African AIDS Drug Discount ‘Opens Doors’ to Larger Pharmaceutical Cost-Reduction Debate
The recent price cuts recently announced by major pharmaceutical corporations for AIDS medications in Africa have helped refocus the health advocates' attention on drug-pricing practices around the world, the Los Angeles Times reports. AIDS activists have "shifted" their efforts from "impoverished" sub-Saharan Africa to Asia and South America, other regions where the cost of treatment often "exceeds the ability of many people to pay." In addition, other patient advocacy groups are taking the African discounts as proof that overall drug prices are "often irrational and arbitrary" and are calling for discounts on all medications. According to the Times, this "broader debate" is "exactly what pharmaceutical companies feared last May" when they began offering discounted AIDS drugs to African nations. Buoyed by a New England Journal of Medicine study that said the pharmaceutical industry has a higher rate of return than any other industry and a Congressional Budget Office report that said "skyrocketing" advertising costs are contributing to higher drug prices, which are increasing at an annual rate of 12.6%, patient advocates are taking a second look at how pricing is determined on a global scale. "What we're seeing is that there is a lot of discretion in the way drugs are priced and there is a capacity for gouging that needs to be looked at," Tim Fuller, executive director of the Gray Panthers, a lobbying group for senior citizens, said. The drug companies counter that they must charge higher prices in developing nations to subsidize research and development, which can cost as much as $500 million per drug (Gellene, Los Angeles Times, 3/25). "The next round of treatments for AIDS, or cancer for that matter, will come from the pharmaceutical industry," Pfizer spokesperson Bob Huber said. Officials estimate that the developed world will spend $7.1 billion on AIDS drugs alone in 2009, up from $3.4 billion in 1999.
Solutions to the Dilemma
To solve the dilemma over global drug pricing, drug industry representatives, AIDS activists, health organizations and charities and African nations reached a "rough consensus" on a pricing compromise at a December meeting, according to Richard Feachem, director of the San Francisco-based not-for-profit Institute for Global Health. The compromise, which will also be on the agenda at a World Trade Organization and World Health Organization
meeting on AIDS in Norway next month, involves a system of "tiered pricing," which will leave patent laws and drug prices in the developed world untouched, while creating a "cost-plus" pricing scale for medications in the developing world. "We want to avoid a precedent in which nations say the price is too high and we need compulsory licensing," Pharmaceutical Research and Manufacturers of America spokesperson Jeff Trewhitt said. However, drug makers worry that medicines earmarked for the developing world may be "diverted" back to developed countries, where they could be sold for a "huge" profit. Pfizer has "reformulated" its medicine
Diflucan from capsule to tablet form to distinguish medication recently donated to South Africa from medicine intended for sale elsewhere.
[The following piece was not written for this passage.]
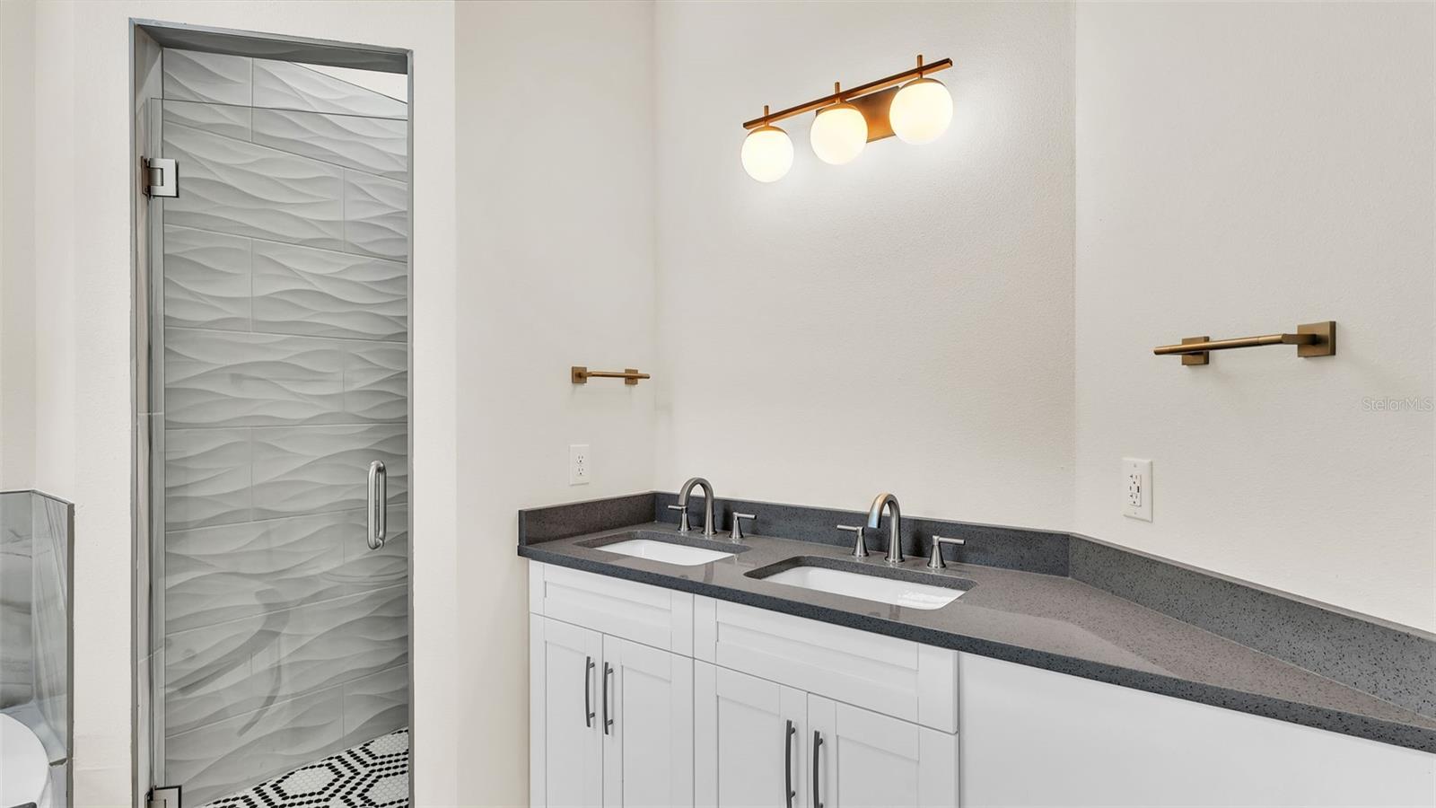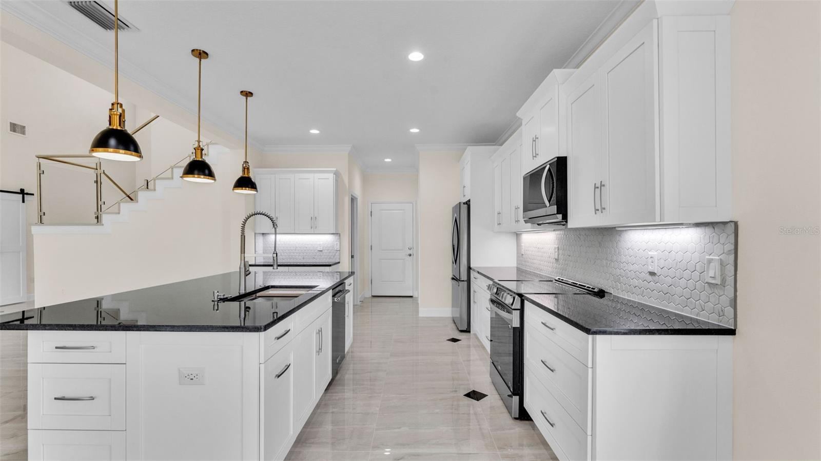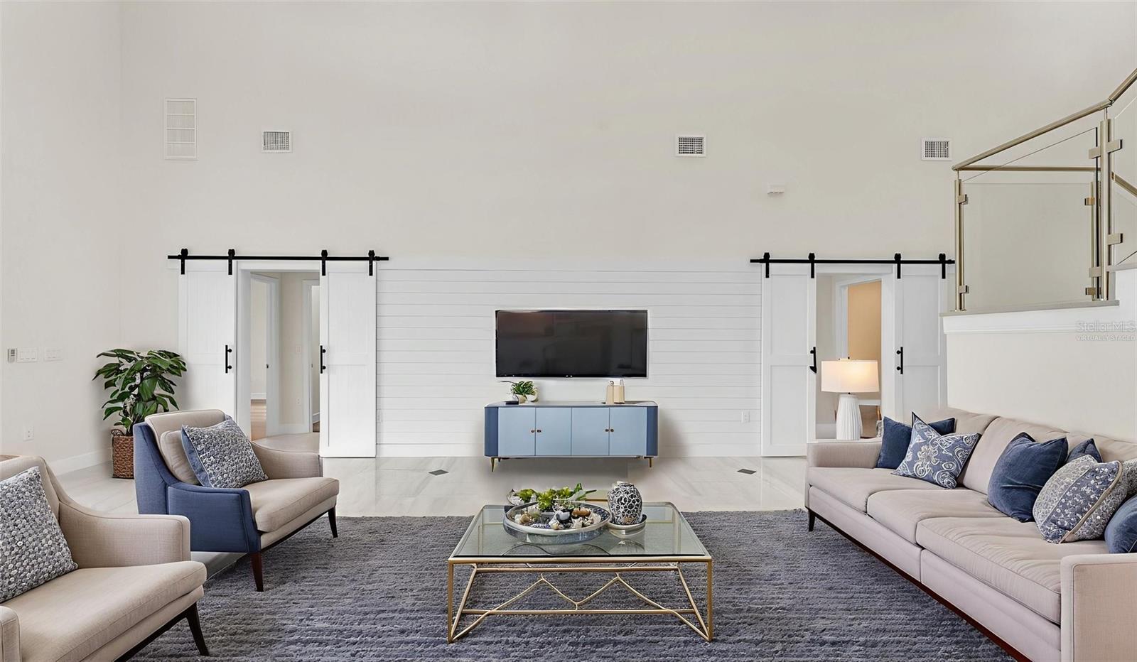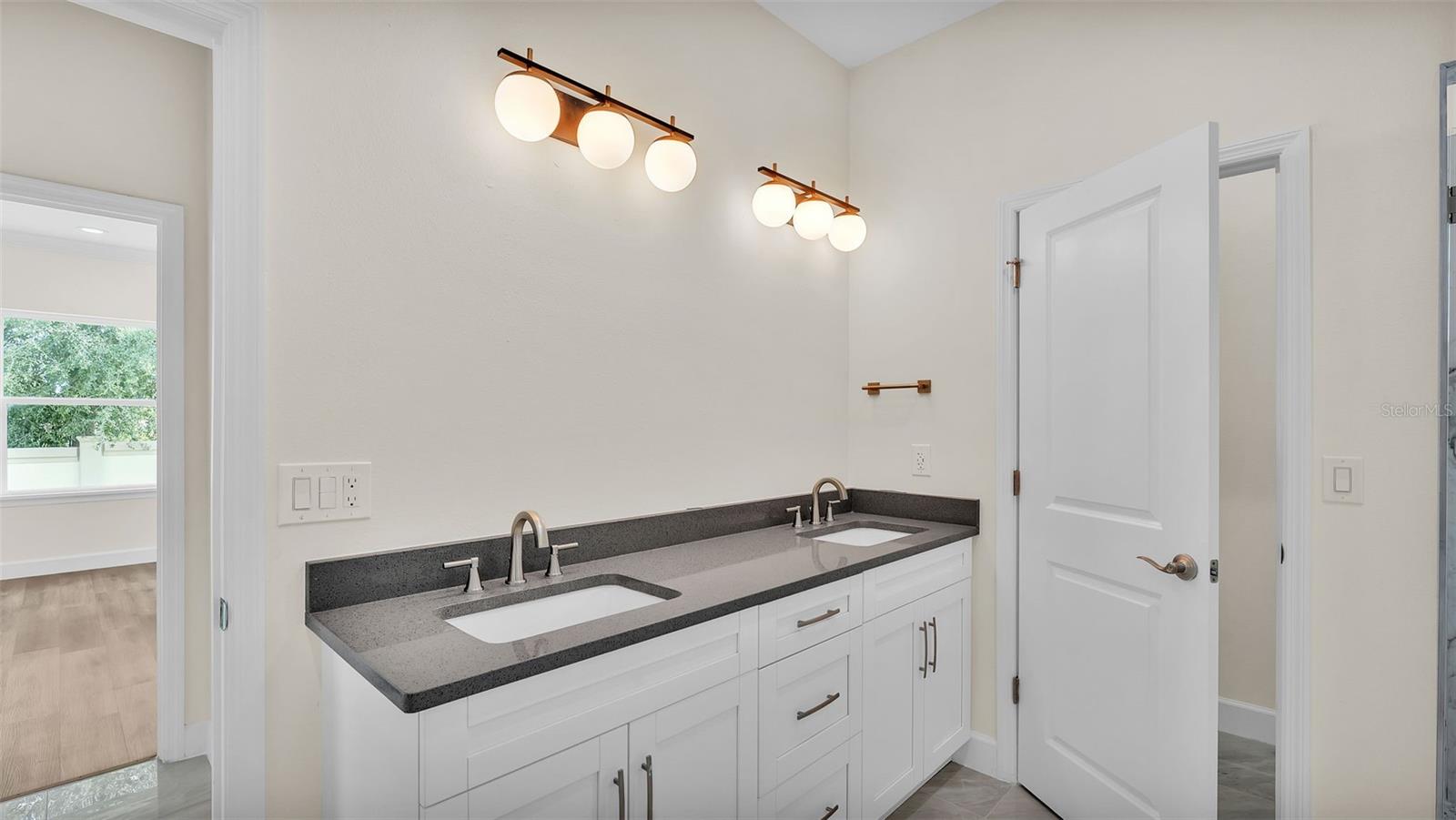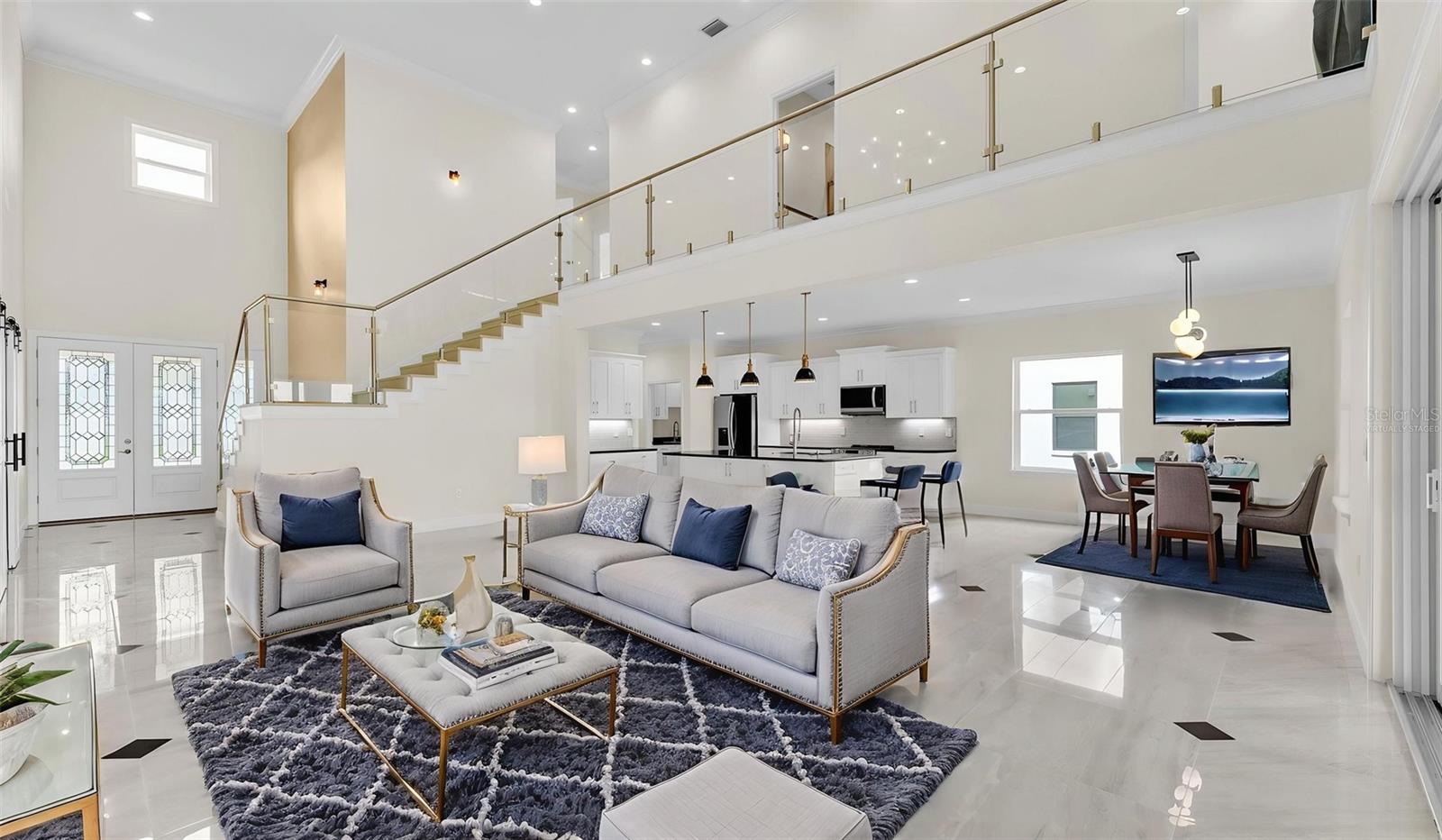 One or more photo(s) has been virtually staged. **SELLER MOTIVATED. PRICED TO SELL.** Welcome to your dream home—a brand new, custom-built masterpiece by Reeva Construction, ideally situated in the exclusive gated community of Sunrise Landing in South Lakeland. This move-in ready residence offers the perfect blend of luxury and comfort, boasting 5 spacious bedrooms, 5 elegant bathrooms, a dedicated media room, and an office that caters to all your needs. As you walk through the inviting French doors, you'll be greeted by beautifully laid tile flooring that flows seamlessly throughout the open floor plan, creating an airy and welcoming atmosphere. The gourmet kitchen is a chef's paradise, featuring top-of-the-line stainless steel appliances, stunning granite countertops, a chic backsplash, and custom cabinetry. A generously sized walk-in pantry provides ample storage, while the kitchen overlooks a vast living room, perfect for entertaining family and friends. The first floor is a sanctuary, housing the primary bedroom that exudes sophistication. This tranquil retreat features a large walk-in closet and a luxurious en-suite bathroom, complete with dual sinks, a meticulously designed walk-in tiled shower, and a separate jacuzzi tub for ultimate relaxation. An additional bedroom on this level, along with its own private bathroom, is perfect for accommodating guests or family members. Venture upstairs to discover a dedicated media or game room, ideal for movie nights or leisurely afternoons with loved ones. An additional versatile room can serve as an office or study, providing a quiet space for work or contemplation. The third bedroom, elegantly designed as a second primary suite, includes an en-suite bathroom with dual sinks, a walk-in tiled shower, and a soothing jacuzzi tub. The remaining bedrooms are generously sized, with one featuring a separate bathroom for added convenience. Step outside to your covered balcony, an idyllic spot to savor a morning coffee or unwind in the evenings while taking in serene views. This exceptional home offers a rare opportunity to move in without the hassles of waiting for construction, all while being conveniently located near a variety of retailers, gourmet restaurants, and the Parkway for easy commuting. Don’t miss your chance to experience luxury living in this exquisite custom home. Schedule your private showing today!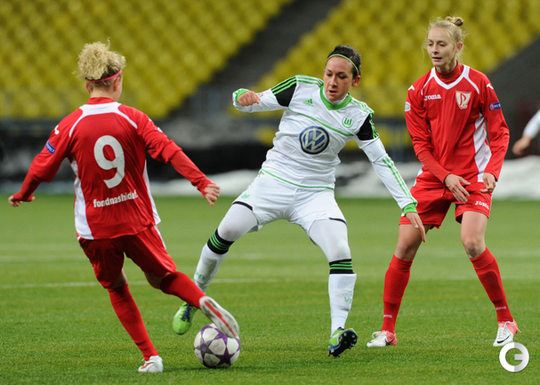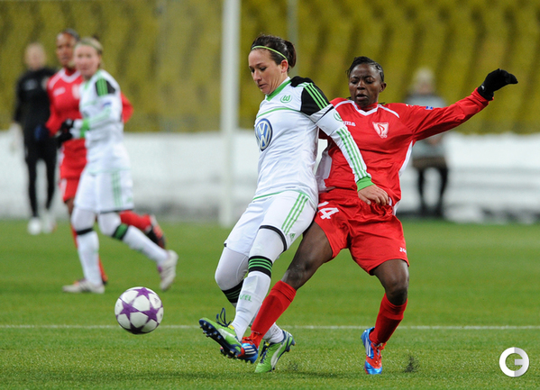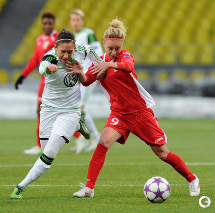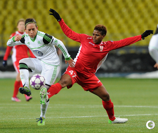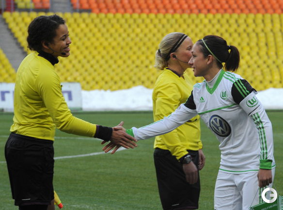 На гала-вечере ФИФА в Цюрихе названа лучшая футболистка по итогам 2014 года. Ею стала игрок сборной Германии и "Вольфсбурга" Надин Кесслер. В 2014-м атакующий полузащитник победила с клубом в чемпионате и Кубке Германии, а также в Лиге чемпионов и была признана УЕФА лучшим игроком года в Европе. В тройке финалистов также были Эбби Вамбах (США, "Вестерн Нью-Йорк Флеш") и Марта (Бразилия, "Русенгорд" Швеция). Фоторепортаж с матча Лиги чемпионов среди женщин, 1/4 финала, Ответный матч, "РОССИЯНКА" (Россия) – "Вольфсбург" (Германия) – 0:2. Фото - Никита УСПЕНСКИЙ, "СЭ"

Drug companies also worry that U.S. consumers, HMOs and politicians could use the tiered discounts to "demand" lower prices at home for the same medicines, a request they are already beginning to hear (Abate,
San Francisco Chronicle, 3/25).
Long Road to Policy
According to the Times, the African discounts are merely "whetting demands" for price reform, and Congress has already made "small steps" toward allowing wholesalers to import cheaper drugs. But the drug makers say that the higher prices in richer nations are crucial in order to maintain the discounts in the developing world, and the alternative to tiered pricing is a single, worldwide price that would again "put vital medications beyond the reach of poor nations." Joel Hay, a pharmaceutical economist at the University of Southern California, said, "Corporations have a responsibility to make a profit, and if they are forced to charge the same price everywhere they will abandon poor countries completely. No one gets upset when people pay different prices for different classes on an airplane. Why should it be different for medical care?" (Los Angeles Times, 3/25).